MP Jonathan Reynolds has urged the Government to drop the controversial Health and Social Care Bill, in a debate that was sparked by a Tameside GP’s online petition.
More than 174,000 people have backed a petition started by Dr Kailash Chand OBE, calling on the Government to ‘Drop the Bill’.
And, on Tuesday, MPs scrutinised the Bill, which could become law as early as the end of this month.
Mr Reynolds paid tribute to the work of Dr Chand and to the success of the NHS – while pointing to the impact the planned changes could have to the services on offer and the relationship between patients and their GP.
He also pointed to the reluctance of the Government to listen to the thousands of people who have signed petitions against the changes and the professional organisations that have objected to it.
"The Government are just not willing to listen to the people who will be affected by the Bill. Kailash is not alone in opposing it. If I read out the name of every organisation that opposes the Bill, I would run out of time.
". . . It is clear that the majority of non-biased, objective opinion is against the Bill proceeding. Never in the field of public policy have so many opposed so much and been listened to so little."
Mr Reynolds pointed to the NHS’ success since 1997 in cutting waiting times, lowering infant mortality, increasing life expectancy, decreasing the number of deaths due to cancer and reducing infection rates.
He dismissed the idea that the measures in the Bill were ‘evolutionary’, and said that the plans were a top-down restructuring of the NHS.
He said: "The Labour Government introduced reforms, which used the private sector to the advantage of the NHS. The Bill does the opposite and uses the NHS for the benefit of the private sector. The problem is not reform, but these reforms."
And outlining some of the problems in the Bill, he said: "If the Bill is passed, perhaps one of the biggest changes will be to the relationship between doctor and patient.
"Every time a patient is not referred for some sort of specialist treatment, they will wonder whether that is on clinical grounds or because their GP has one eye on the budget.
"Whatever the basis for those fears, GPs will be in a difficult position, and because NICE guidance will no longer be compulsory, the problem will be compounded when people compare their experiences with that of others, using the internet or other means.
"However the most worrying aspect derives from the stories that we hear from parts of the country where individual GPs might have a financial interest in the services that they now commission. Such a relationship would not only destroy the trust at the heart of the system, but provide perverse incentives for how it might develop in future."
Mr Reynolds had initially applied to the Backbench Business Committee for a debate on the Bill, in line with the Prime Minister's commitment that any petition gaining 100,000 or more signatures would be debated in Parliament.

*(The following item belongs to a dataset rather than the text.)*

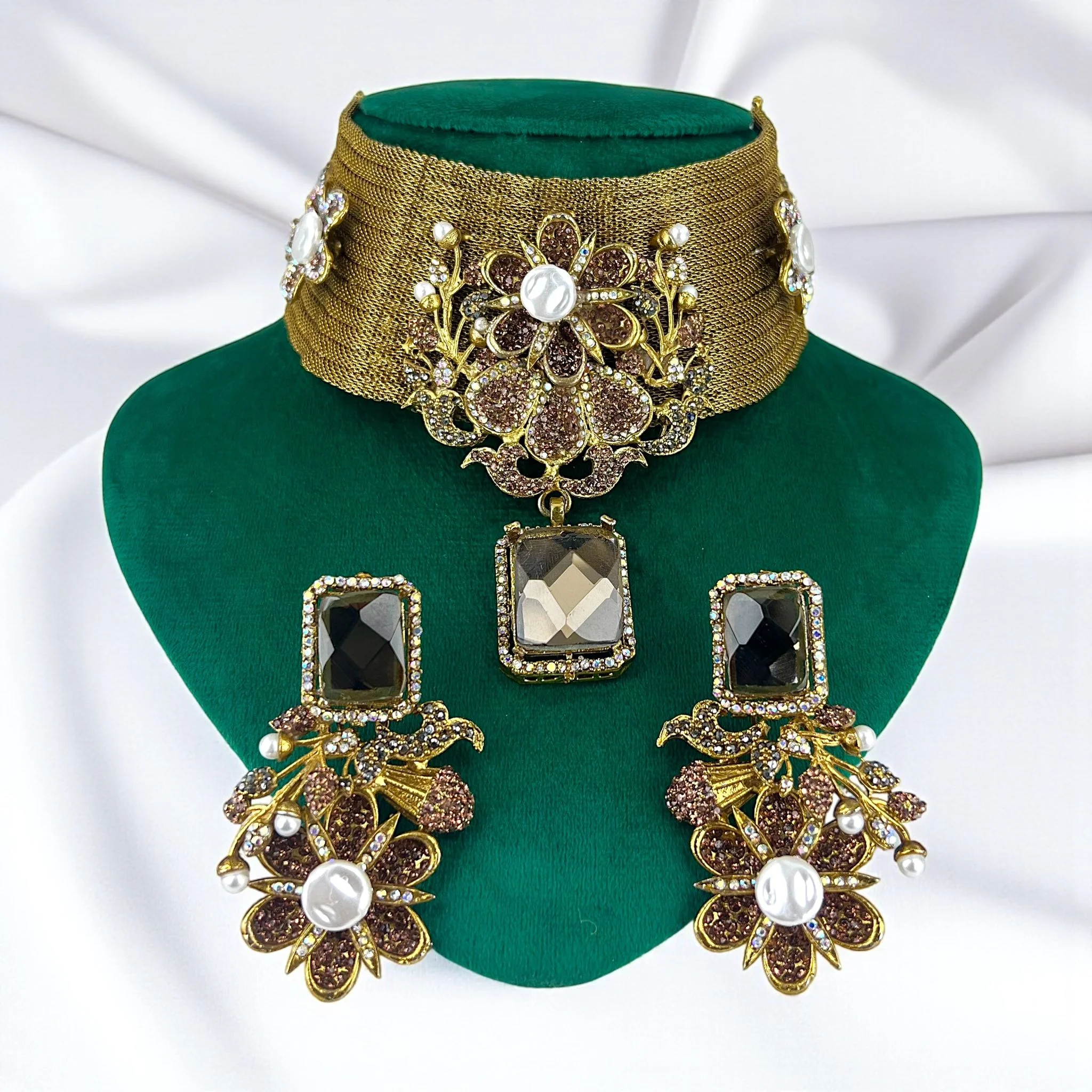 Sparkling champagne stones add a delicate, opulent shine, while the neckline, adorned with rich brown gemstones, radiates warmth and sophistication.

His application, earlier this month, was refused – but the Bill was subsequently chosen for an Opposition Day debate by the Labour Party.
During the Opposition Day debate, Mr Reynolds paid tribute to Dr Kailash Chand. He said: ". . . I will say a few words about my constituent, Dr Kailash Chand, who began the e-petition against the Bill, which has reached 174,000 signatures.

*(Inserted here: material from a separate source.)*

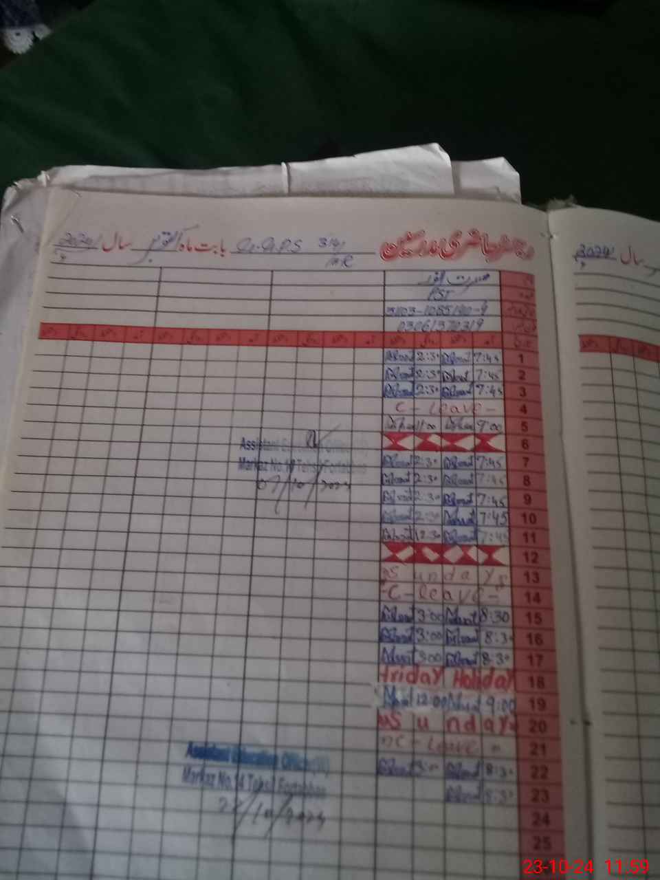 | CNIC | Full Name | Designation | R/C | Absence During Last Calender Month |

"Kailash has been a GP in my area for 27 years. He has been awarded an OBE for his work and in 2009 he was named north-west GP of the year.
"He has dedicated his life to public health. At times he has spoken out against Government policy, whoever has been in charge. His motivation in creating this e-petition was solely his love for and belief in the NHS. We should be grateful for such public servants. I am delighted that he is here today."